Roi Cohen Kadosh (last name Cohen Kadosh, Hebrew: רועי כהן קדוש, born 1976) is an Israeli-British cognitive neuroscientist notable for his work on numerical and mathematical cognition and learning and cognitive enhancement. He is a professor of Cognitive Neuroscience and the head of the School of Psychology at the University of Surrey.

Biography 
Cohen Kadosh was born in Israel in 1976. He became interested in psychology at age 14, following his mother's illness and early death. After his mandatory service in the Israel Defence Forces, he started his studies at Achva College, and received his undergraduate degree in Behavioral Science from Ben-Gurion University of the Negev in 2002. Based on his achievements in his undergraduate studies, he received the prestigious Kreitman Foundation Doctoral Fellowship and was accepted to the direct track in PhD in neuropsychology with Prof. Avishai Henik. During his PhD degree (summa cum laude), he completed the European Diploma in Cognitive and Brain Sciences (EDCBS), and received training as an intern in clinical neuropsychology, at Beit Leowenstein Rehabilitation Center.

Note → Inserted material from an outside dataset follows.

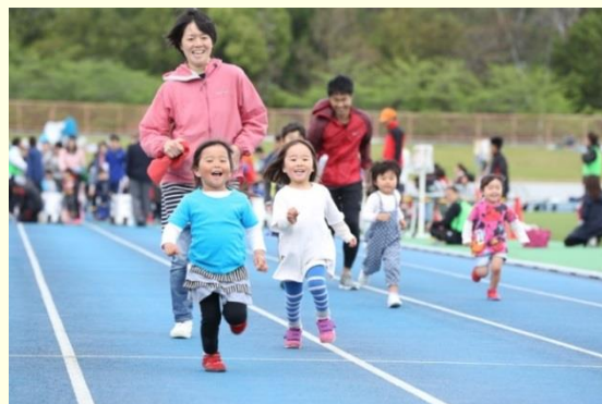
総合型地域スポーツクラブ交流大会 [50mダッシュ王選手権]

He then decided to follow a research career, and received a Rothschild post-doctoral fellowship and funding from European Commission and the International Brain Research Organization to join the Institute Cognitive Neuroscience, University College London for his postdoctoral training. In 2009 he received a Wellcome Trust Career Development Fellowship to move to the University of Oxford where he established his lab. In 2021, he moved to the University of Surrey to take headship of the School of Psychology.

Research

Numerical cognition 

Cohen Kadosh started to work on numerical cognition under the supervision of Avishai Henik. His work has focused on how humans represent numbers and the psychological and biological mechanisms that support superior, typical, and impaired numerical understanding, a research with implications for a wide range of fields including Psychology, Education, and Neuroscience. His work in this field has led to significant changes in several dominant theories of numerical cognition.

Synesthesia 

Cohen Kadosh has revealed some of the cognitive and perceptual principles of synesthesia and its neurobiological mechanisms, which has implications for the field of neuroplasticity and learning. He has also suggested that the origins of synesthesia might be due to a failure in cortical specialization during infancy and childhood.

Cognitive enhancement 

Cohen Kadosh has been one of the pioneers in combining cognitive training with non-invasive brain stimulation to show its impact on cognition, learning, and brain functions. In the last years he has extended his work to examine the role of individual differences at the psychological and biological level on the impact of brain stimulation on behaviour, those allowing a better mechanistic understanding of brain stimulation and learning.

Neuroethics 

Cohen Kadosh has collaborated with neuroethicists to highlight the implications of brain stimulation for cognitive enhancement and shape the current regulation.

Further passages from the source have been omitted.